A Legion Clunker

Yes, my friends, it’s time to once again climb into our fictional time machine and travel to the 30th-Century for another adventure from DC Comics’ Silver Age with the Legion of Super-Heroes in…

“The Tornado Twins!”
Adventure Comics #373, October, 1968
Writer and layouts: Jim Shooter, Penciller: Win Mortimer, Cover: Neal Adams

3 Stars


Seven of the Legionnaires – Brainiac 5, Element Lad, Karate Kid, Phantom Girl, Princess Projectra, Sun Boy, and Superboy – are enjoying various recreational activities when they’re suddenly summoned to a robbery in progress. However, when they arrive at the crime scene they discover the criminals have already been apprehended by a brother and sister, super-hero duo with the last name of “Allen.” Hmm, we may already know where this one is headed, right JLA fans? The Allen twins, Don and Dawn, smugly gloat about beating the Legion to the punch, which leads to a heated exchange between Don and Karate Kid.

The Legionnaires return to their headquarters with their tails tucked between their legs, but are soon called to another emergency; some worker robots have gone haywire at an iron mine, causing a partial cave-in and trapping some V.I.P. visitors. The Legionnaires confront the powerful robots, but are quickly overcome. The Allen twins show up, thrash the robots and save the visitors. The puzzled Legionnaires search for information about the mysterious twins, but find nothing unusual as the Metropolis media celebrates the new heroes and pronounces the Legion as “has-beens.”

Like beating a dead horse, the Legion is called to a third emergency at a chemical plant and are once again upstaged by the twins. Heated words are again exchanged between Don Allen and Karate Kid, which quickly escalates into an all-out rumble between the seven Legionnaires and the twins, with the Allens leaving the seven bloodied and battered. Does anyone else see a pattern developing here? Public confidence in the Legion is at an all-time low and still plummeting.

The Legion is then sent a, gulp, fourth emergency signal, but the heroes’ confidence is so shaken that they initially opt to stay inside their headquarters. However, they soon reconsider and investigate a seemingly-hostile alien spaceship parked in the middle of Metropolis. Yet, when they force their way inside the ship, they find a giant statue of the 20th century super-hero, the Flash aka Barry Allen. Don and Dawn soon arrive and explain they are descendants of Barry Allen and were artificially endowed with the Flash’s powers on a temporary basis in order to publicize the United Planets’ upcoming commemoration of “Flash Day.” After twenty-two pages of bitter acrimony, everyone suddenly shakes hands and goes about their business. Ugh!.

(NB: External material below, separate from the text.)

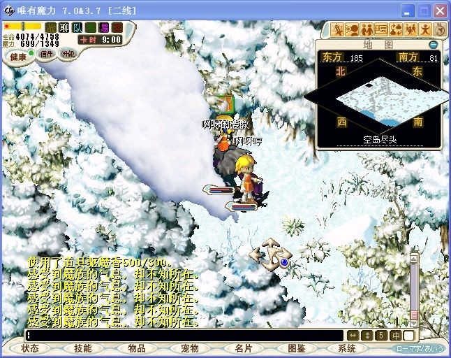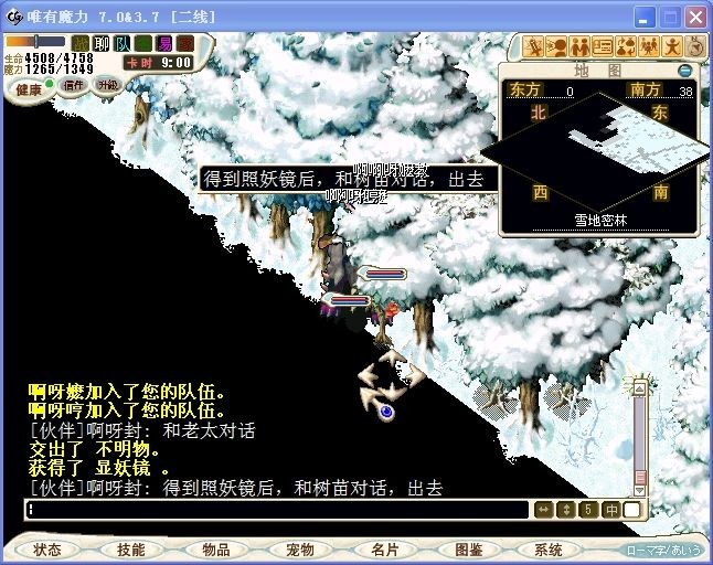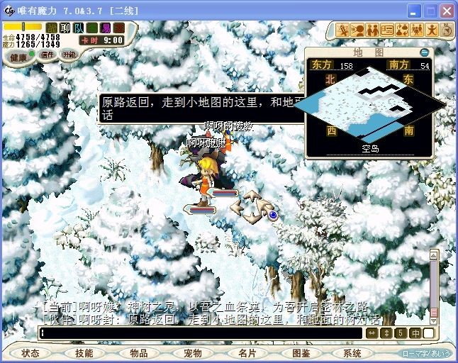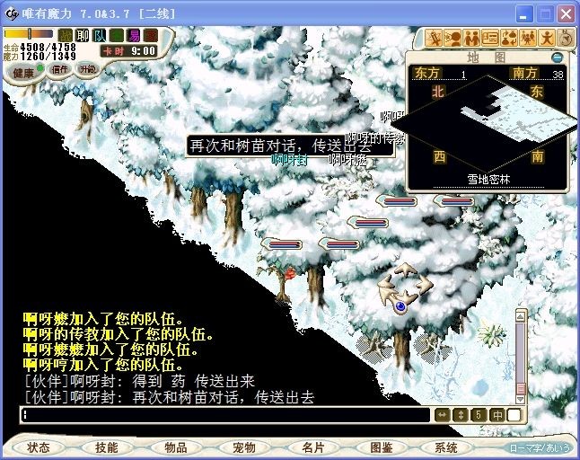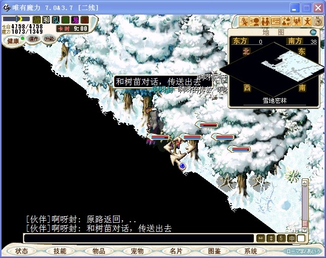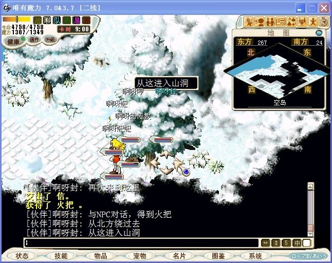 23.进入雪地密林,走到中下方面的山峰处跟不言不说(73.87)对话进入战斗
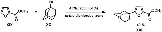 Adamantylation using 1-bromoadamantane in the presence of Lewis acid was used in the patent application: methyl furan-2-carboxylate XIX was treated with 1-bromoadamantane XX in ortho-dichlorobenzene in the presence of 200 mol% aluminum chloride. The yield of the target product XXI was 49% [5] (Figure 5).

Aside from the pitiful “The Revolt of the Super-Pets” (Adventure Comics, 364), this issue might be the hokiest Legion tale we’ve reviewed to this point. A “Flash Day” in the 30th century? C’mon! Seriously? The feigned animosity featured in this story was a well-worn plot device in DC’s Silver Age-era. Win Mortimer’s pencils are a step down from Curt Swan’s, but still much better than latter-day Legion artwork. It’s great to see Element Lad in a story for a change. For some strange reason, he was one of the least-featured Legionnaires. Maybe it was the pink leotards?

8 thoughts on “A Legion Clunker

      1. I imagine there’s always silent lurkers…will read them in a bit got some morning routines to do but I thought I dropped by first on your blog ahead of my other chronlogical order of reading blogs on my feed!

        Liked by 1 person

    1. Such a contrived plot. After some serious conflict, to learn it was all a publicity stunt? Not believable at all. This kind of phony plot was more common in the early-60s. Either Shooter was asleep at the wheel or he was given the storyline by his close-to-retirement editor.